On Wednesday, while marking the Commemoration of the International Day to Combat Islamophobia at a United Nations event, Guterres said that hatred and discrimination against Muslims has risen to “epidemic proportions”. 

Drawing attention to skyrocketing anti-Muslim bigotry that is taking shape around nationalism, Guterres said, "A resurgence in anti-Muslim bigotry is certainly in-line with other distressing trends we are seeing globally: a resurgence in ethno-nationalism, neo-Nazism, stigma and hate speech targeting vulnerable populations including Muslims, Jews, some minority Christian communities, as well as others." 

It is not the first time he has raised this issue. The secretary general last month also called for a global reset for the sake of human rights. 

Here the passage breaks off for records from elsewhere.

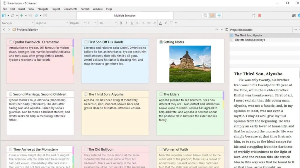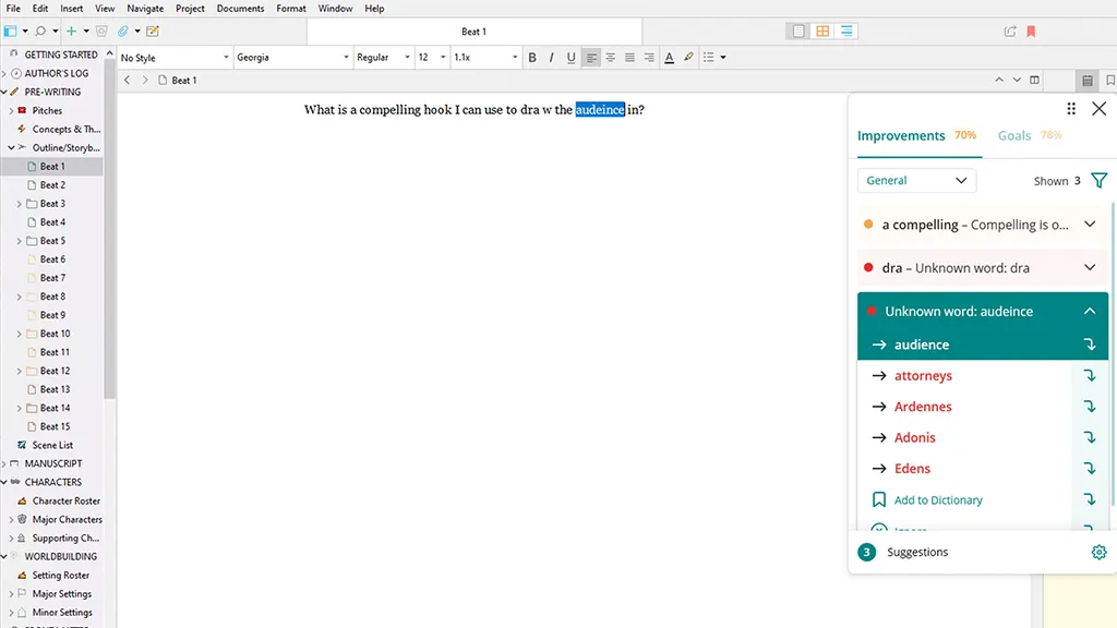 - Integrated Workspace: The tool can save notes, research, photos, PDFs, and audio files in the same project as your manuscript.
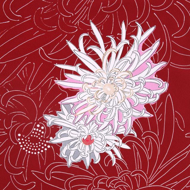 エンジ色に描かれている豪華な菊の花は、平安時代中国より伝来し、宮中で菊の節句と呼ばれる「重陽の節句」(旧暦9月9日)が明治時代まで行われ、現在は皇室園遊会(観菊御宴)として毎年行われて大変身近な花となっています。また鎌倉時代の後鳥羽上皇がとても愛でており身の回りの品々にその絵模様を施した事から天皇および皇室の菊花紋章(十六弁八重表菊紋)としても有名ですね。
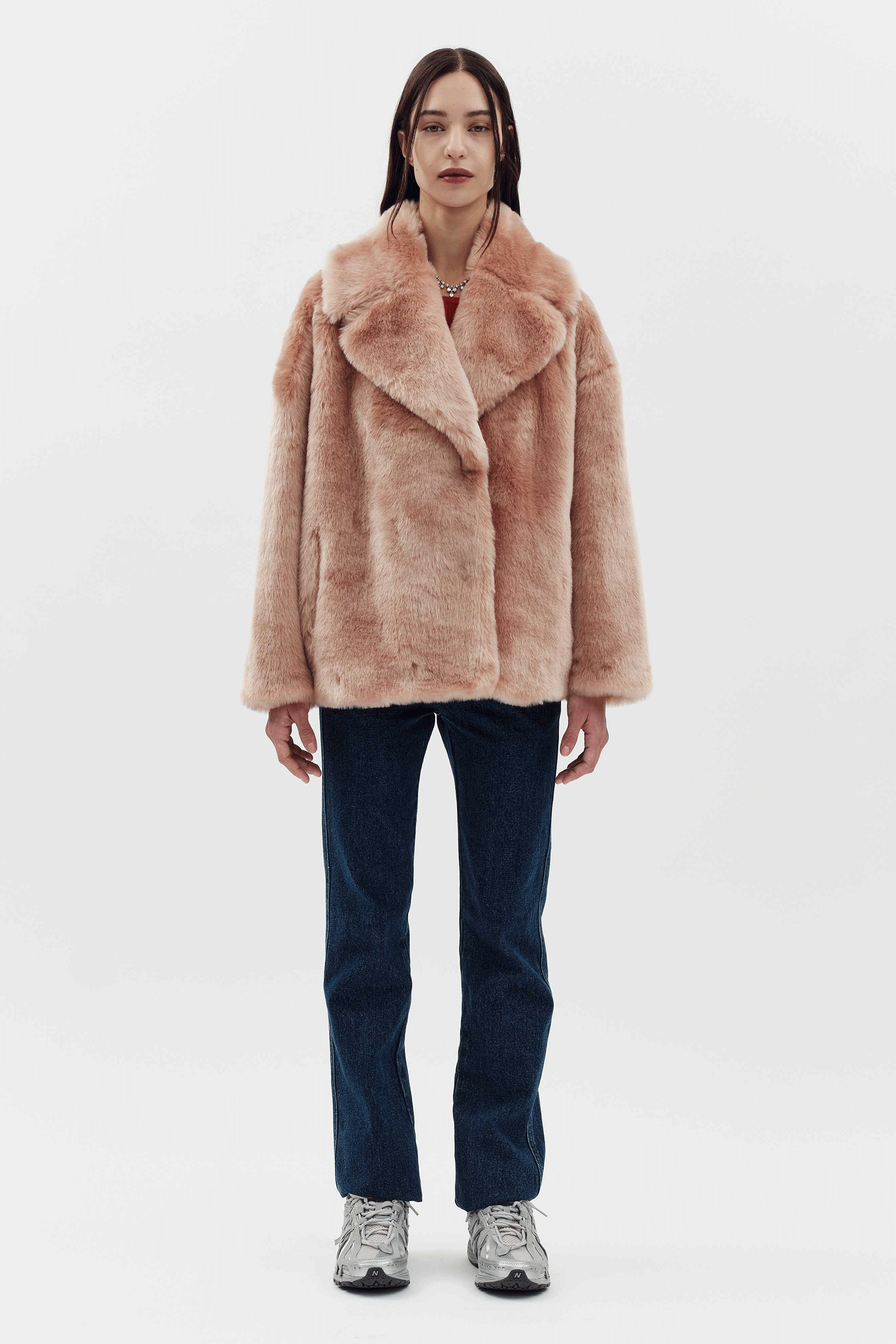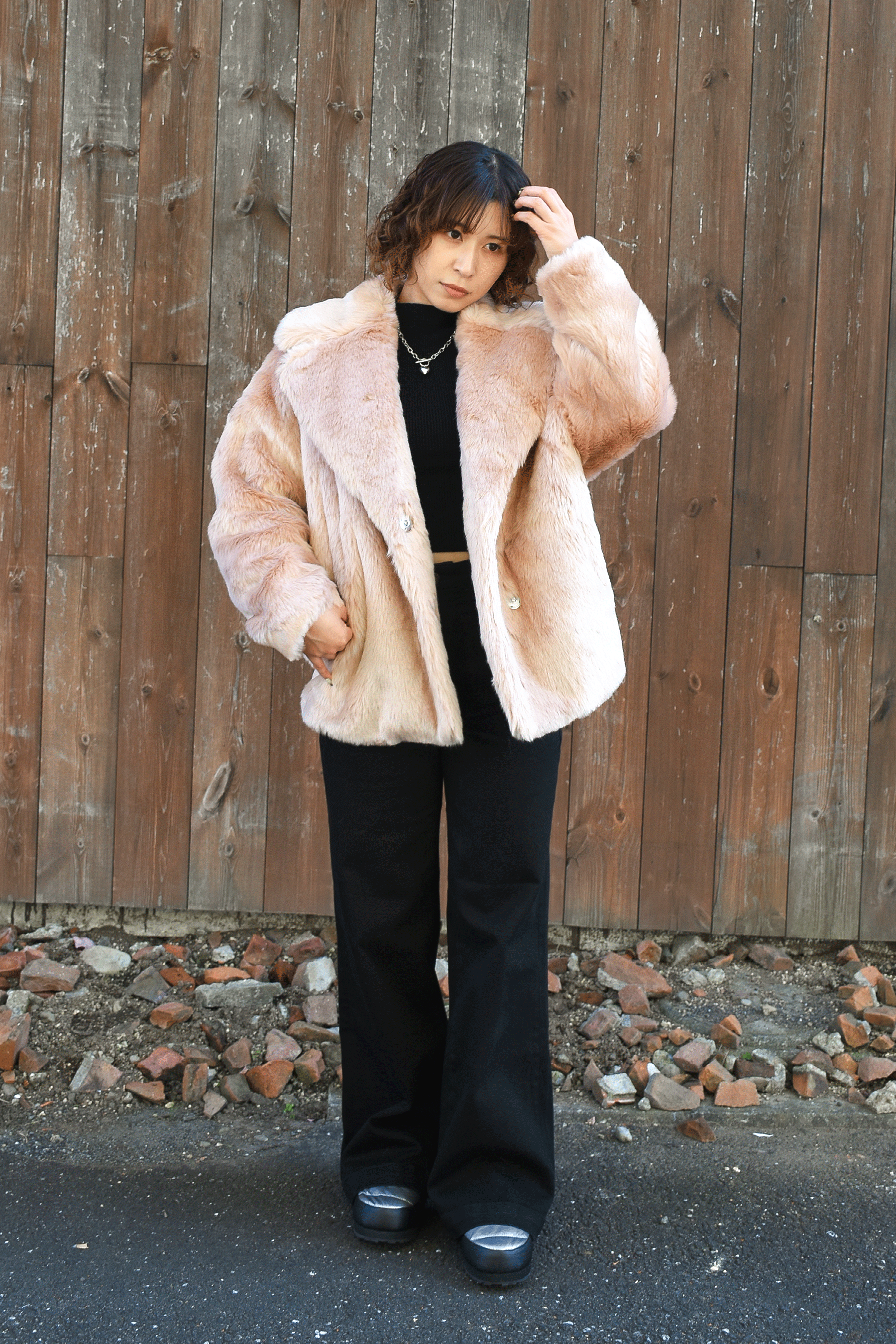 肩を落としたボックスシェーブシルエットの淡いピンクのジャケット
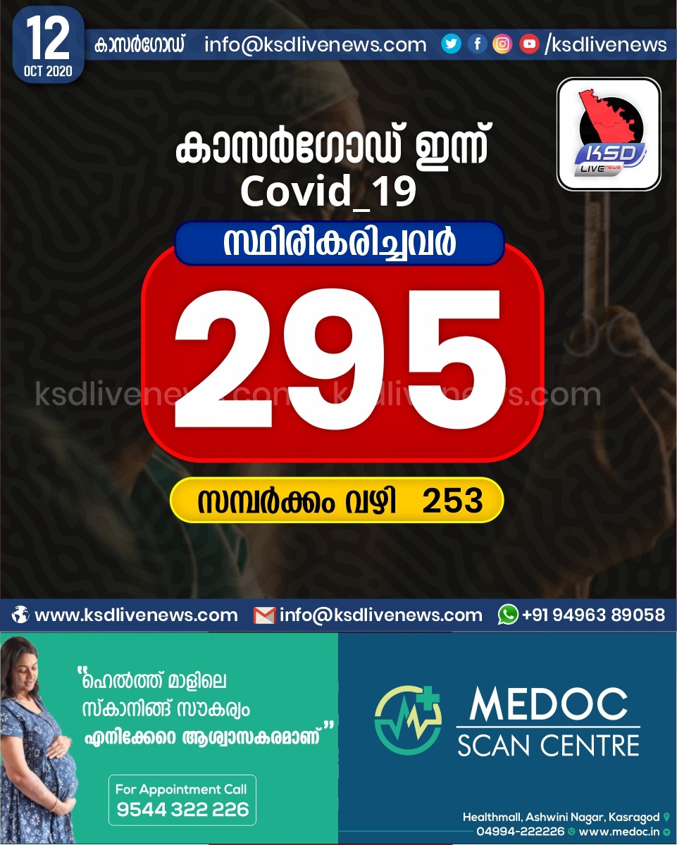 เดชเตเดฐเดพเดฆเตเดถเดฟเดเด เดเดพเดธเตผเดเตเดกเต เดเดฟเดฒเตเดฒเดฏเดฟเตฝ เดเดจเตเดจเต 295 เดชเตเตผเดเตเดเต เดเตเดตเดฟเดกเต เดธเตเดฅเดฟเดฐเตเดเดฐเดฟเดเตเดเต. เดธเดฎเตเดชเตผเดเตเดเด เดตเดดเดฟ 253 เดชเตเตผเดเตเดเตเด.October 12, 2020
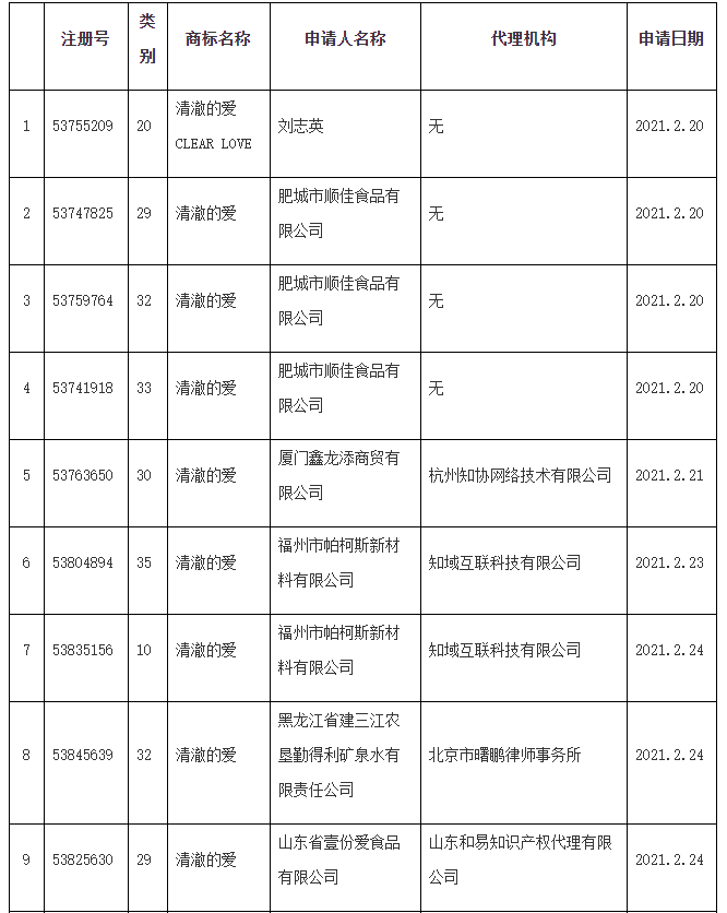3月15日,国家知识产权局公布《关于依法驳回“清澈的爱”等17件商标注册申请的通告》。
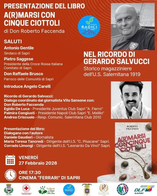 Un evento culturale animerà venerdì 27 febbraio alle 17:30 il Cine-teatro “Ferrari” di Sapri: la presentazione del libro “A(r)marsi con cinque ciottoli”, scritto da Don Roberto Faccenda, parroco e padre spirituale dell’US Salernitana 1919.
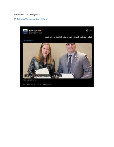 Publication: X – Al Arabiya Gulf Link: يبظ وبأ يف تاءاربلا حنم عيرستل يكريمأ - يتارامإ نواعت
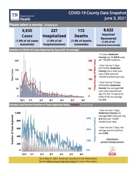 Filed Under: COVID-19, Front Page News, Health, Top Stories Tagged With: Anderson County, COVID-19, COVID-19 cases, positivity rate, Tennessee Department of Health
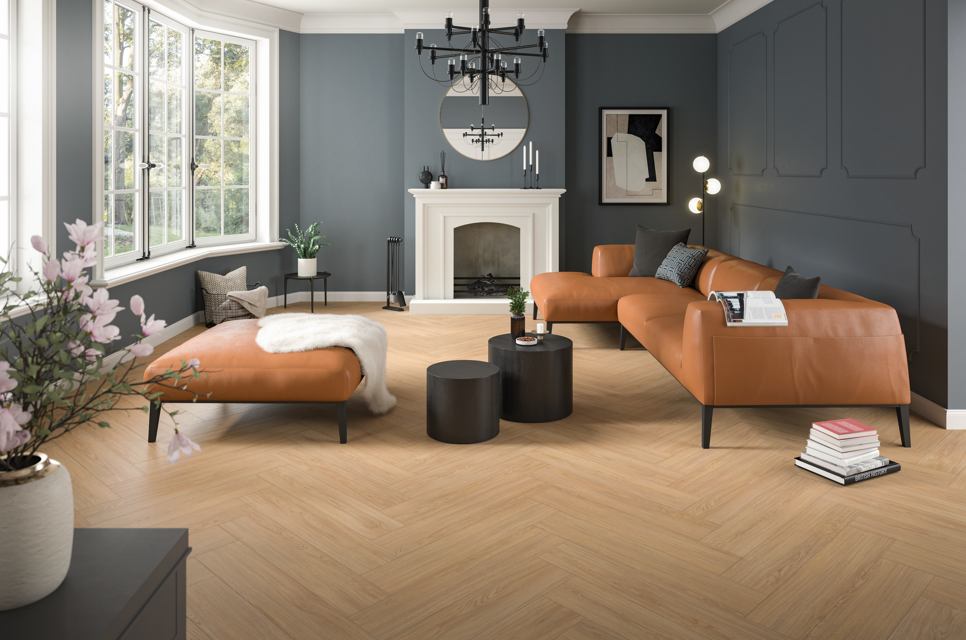 Diseños Geométricos: También serán tendencia los patrones como el damero, combinando parquet con otros materiales para lograr un look más sofisticado. La gama Espiga 8/32 Roble Baronia Arena EL 2133, de la nueva colección Egger Pro, ofrece suelos laminados de alta calidad que combinan diseño moderno y funcionalidad. Como parte de la colección Egger Pro, está fabricada a partir de madera como materia prima renovable, brindando una opción sostenible sin comprometer la durabilidad y la estética.
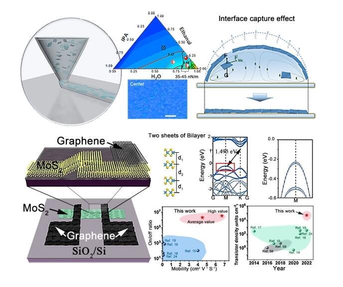 二維(2D)半導體材料為將摩爾定律擴展到原子尺度提供了機會。與傳統基于蒸鍍和光刻技術的加工技術相比,印刷電子因成本效益、靈活性以及與不同襯底的兼容性而受到關注。目前,印刷的二維晶體管受到性能不理想、半導體層較厚和器件密度低的制約。同時,多數二維材料油墨通常使用高沸點溶劑,隨之而來的問題包括器件性能退化、高材料成本和毒害性等,難以大規模應用。因此,發展簡單且環保的策略對于制造低成本、大規模的打印二維材料功能器件具有重要意義。
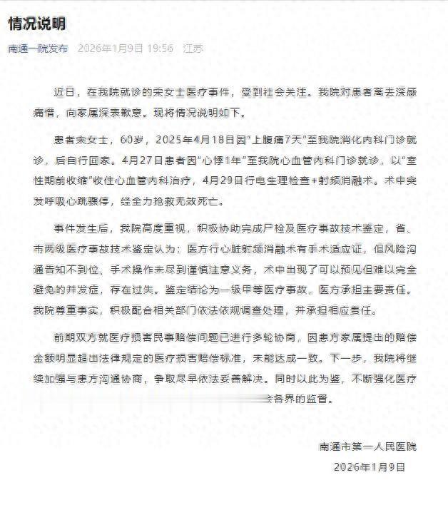 事件发生后,我院高度重视,积极协助完成尸检及医疗事故技术鉴定,省、市两级医疗事故技术鉴定认为:医方行心脏射频消融术有手术适应证,但风险沟通告知不到位、手术操作未尽到谨慎注意义务,术中出现了可以预见但难以完全避免的并发症,存在过失。鉴定结论为一级甲等医疗事故,医方承担主要责任。我院尊重事实,积极配合相关部门依法依规调查处理,并承担相应责任。

In his last speech on Wednesday, Guterres also said, "Minority communities are part of the richness of our cultural and social fabric, yet we see not only forms of discrimination, but also policies of assimilation that seek to wipe out the cultural and religious identity of minority communities".

He quoted the Holy Quran. “Nations and tribes were created to know each other,” suggesting that diversity richness should not be seen as a threat. 

Guterres also mentioned that stoking the fires of racism, anti-Semitism, anti-Muslim bigotry, violence against some minority Christian communities, homophobia, xenophobia and misogyny, is nothing new.

“It has just become more overt, easier to achieve, and globalised.”

“When we allow the denigration of any one of us, we set the precedent for the demonization of all of us,” Guterres added on 22 February. 

The International Day to Combat Islamophobia was marked for the first time this year following the deadly attacks on two mosques in Christchurch, New Zealand on March 15, 2019 in which 51 Muslims were killed and 49 others injured.

A grudge transcending centuries

Even Joram van Klaveren, a former far-right European politician, and a once close ally of Geert Wilders, speaking to TRT World said that the far-right across the world attempts to use and impose historical events on the present day, and today’s violence against Muslims is a form of revenge. 

Now, after two years since Brenton Tarrant live-streamed a massacre of Muslims at two mosques in New Zealand, Klaveren says nothing has changed. 

“What Tarrant and the others from the far-right do is that they bring these stories out of history, twist them around and use them to scare everybody,” he explains. 

“They don't say that we in Europe should be thankful to Muslims for algebra, maths and hospitals - the things we borrowed from the Islamic civilisation,” Klaveren added.

The main lines of Tarrant’s infamous manifesto, which suggests Muslim migrants are a threat to white Europeans, have been widely used against Muslims in racist attacks accross the continent, and Klaveren says that this perception has not really changed. 

“More often they see the news of terrorist attacks and young Muslim migrants shown as hooligans. A combination of this worries people. There are Muslim organisations, which are doing a lot of charity work but it never gets the media coverage,” he told TRT World.  

He adds that many Europeans have an inherited fear of Islam because of a history of wars that Muslims and Europeans fought centuries ago. 

“At the same time, the rise of the nationalist right-wing politics has coincided with the rapid increase in Europe’s secularisation,” said Klaveren.